One of the things you do when you move to Oak Park is “buy in.” You buy in to an older, smaller home than you might get further afield. You buy in to saying hi to your neighbors and closing their garage doors if you spot them open. You buy in to diversity, inclusion and complicated conversations about those commitments. You buy in to taxes because our streets get plowed and our emergency calls responded to and our libraries are great. You buy in to volunteering, helping out, pitching in. You buy in, sometimes after asking questions and doing research, to trusting your neighbors who give countless hours to help find a best path forward.

You buy in because the promises of living in a place like Oak Park are real. Good schools, community, public services, community, volunteerism and another heaping side dish of community.

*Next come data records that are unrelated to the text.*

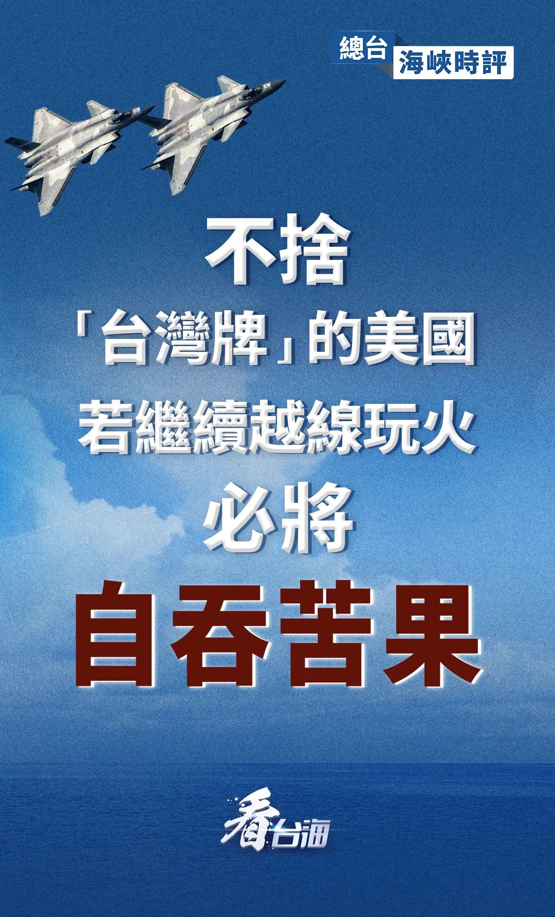 中國在臺灣問題上的原則立場已經闡述得非常清楚,正如外交部發言人趙立堅23日再次強調的:中方捍衛國家主權和領土完整的決心堅定不移。也正如中國人民解放軍一直以來所行動的:將采取一切必要措施,堅決反制一切威脅挑釁,堅決捍衛國家主權和領土完整。奉勸美方立即糾正錯誤,停止打“臺灣牌”,多為地區和平與穩定發揮建設性作用,倘若一再在臺海尋釁滋事,中國人民解放軍必將讓其付出代價。(據中央廣播電視總臺臺海之聲)
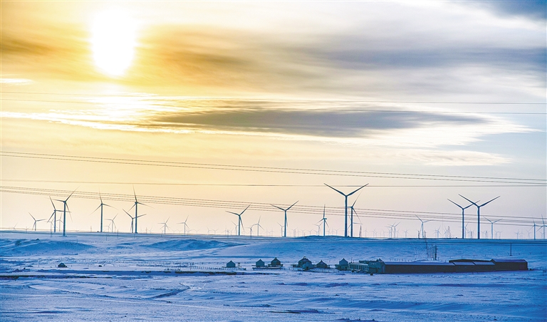 湛藍(lán)天幕之下,150座白色風(fēng)車如鋼鐵巨人般巍然矗立,巨大的風(fēng)機(jī)葉片迎風(fēng)轉(zhuǎn)動(dòng),劃破長(zhǎng)風(fēng),發(fā)出低沉而均勻的呼嘯,與天地間的遼闊寂靜共鳴。
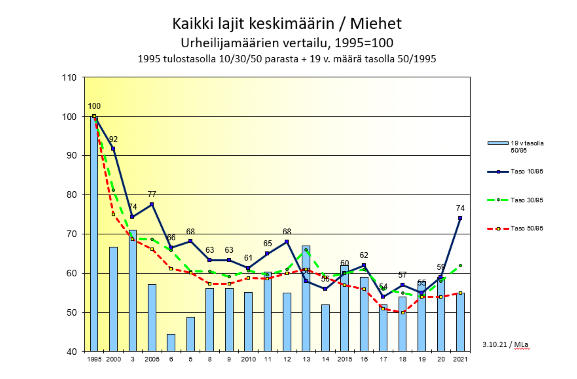 Kaikki lajit huomioon ottaen miesten yleisurheilun indeksiluvut ovat tänä vuonna kärkitason osalta 74, laajemman kansallisen tason ja junioreiden osalta 55. (Koko tilastokokonaisuus lajiryhmittäin pdf-muodossa: Tasokehitys 2021)
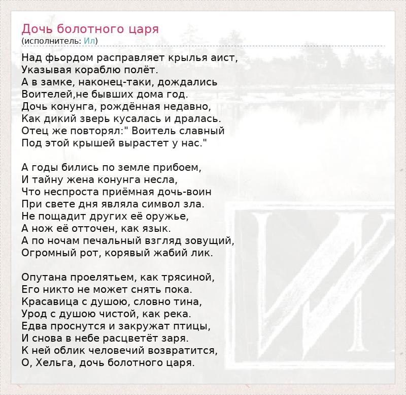 А как ты думаешь, о чем песня "Дочь болотного царя" ?
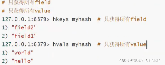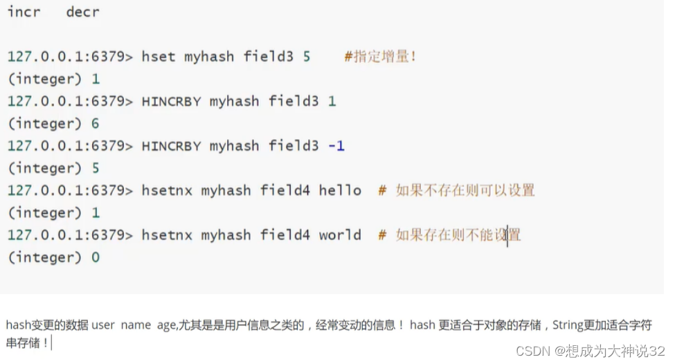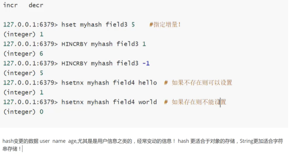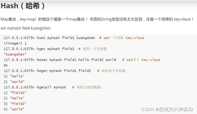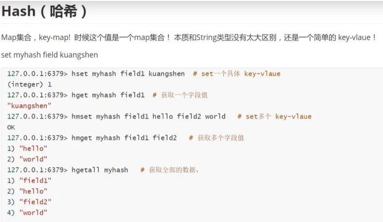 5.hash数据类型支持的常用命令:
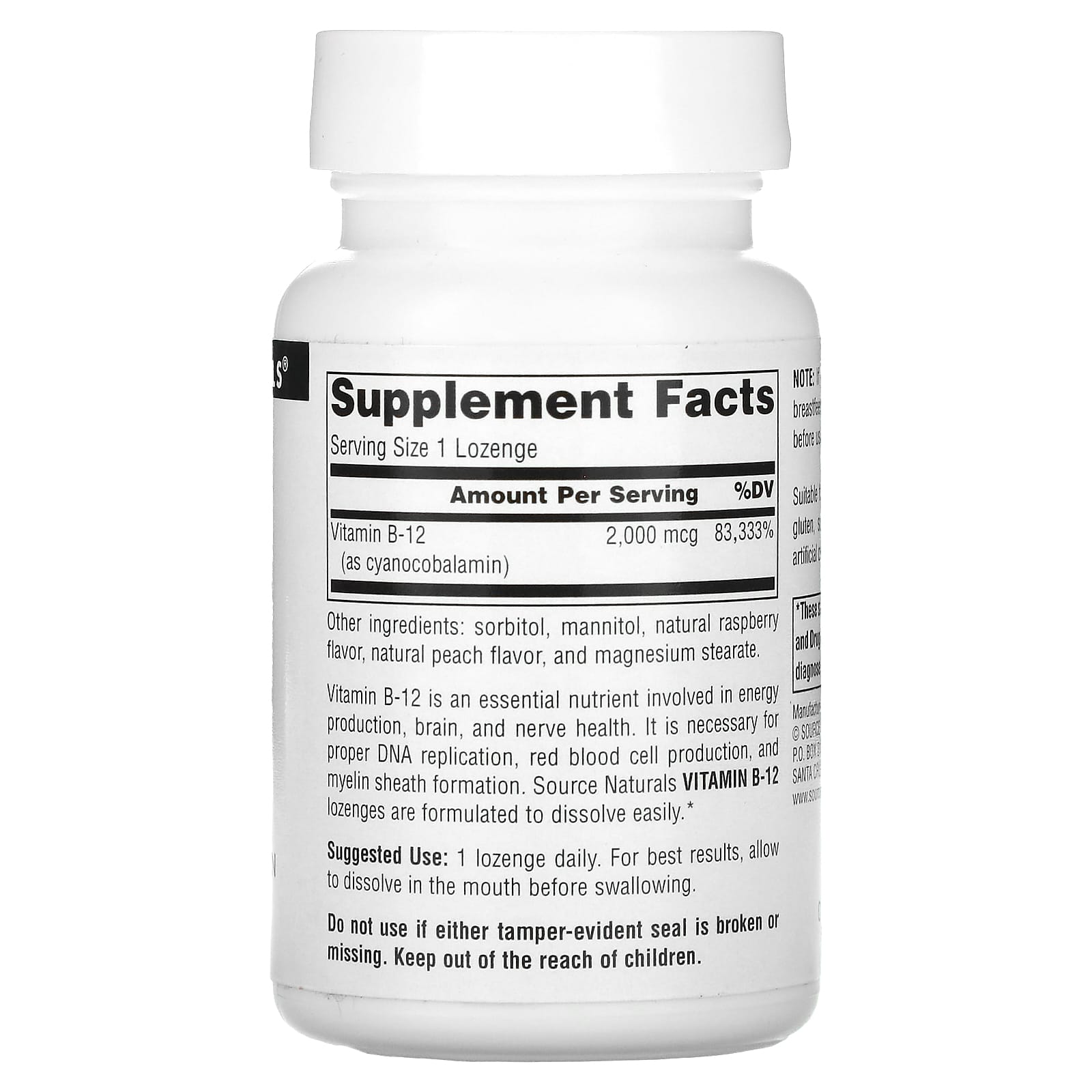 Витамин B12 является важным питательным веществом, участвующим в выработке энергии и способствующим здоровью мозга и нервной системы. Он также необходим для репликации ДНК, выработке красных кровяных клеток и образования миелиновой оболочки. Леденцы с витамином B12 от Source Naturals легко растворяются во рту.

We think our daughter, now in kindergarten, will love the new pool and performing arts spaces in 10 years. But whether she does or doesn’t was barely a measurable part of the equation for our family in considering supporting the upcoming D200 referendum.

We understand there might be another thing in another year asked of us. If it’s as well researched and well thought out and does as much good as this referendum, well, we’ll support that too. If it’s for early childhood education or to improve affordability for renters or any number of things not directly applicable to our exact situation — sign us up.

We are more than OK with bearing some of the burden for things we may never see the benefits of — whether that’s in a global sense of trying to combat climate change so the world is safe and inhabitable centuries from now or investing in things like smart infrastructure choices for our local high school.

That’s what civil society is all about, right? We do things to make our lives better, our children’s lives better, and future children’s lives better.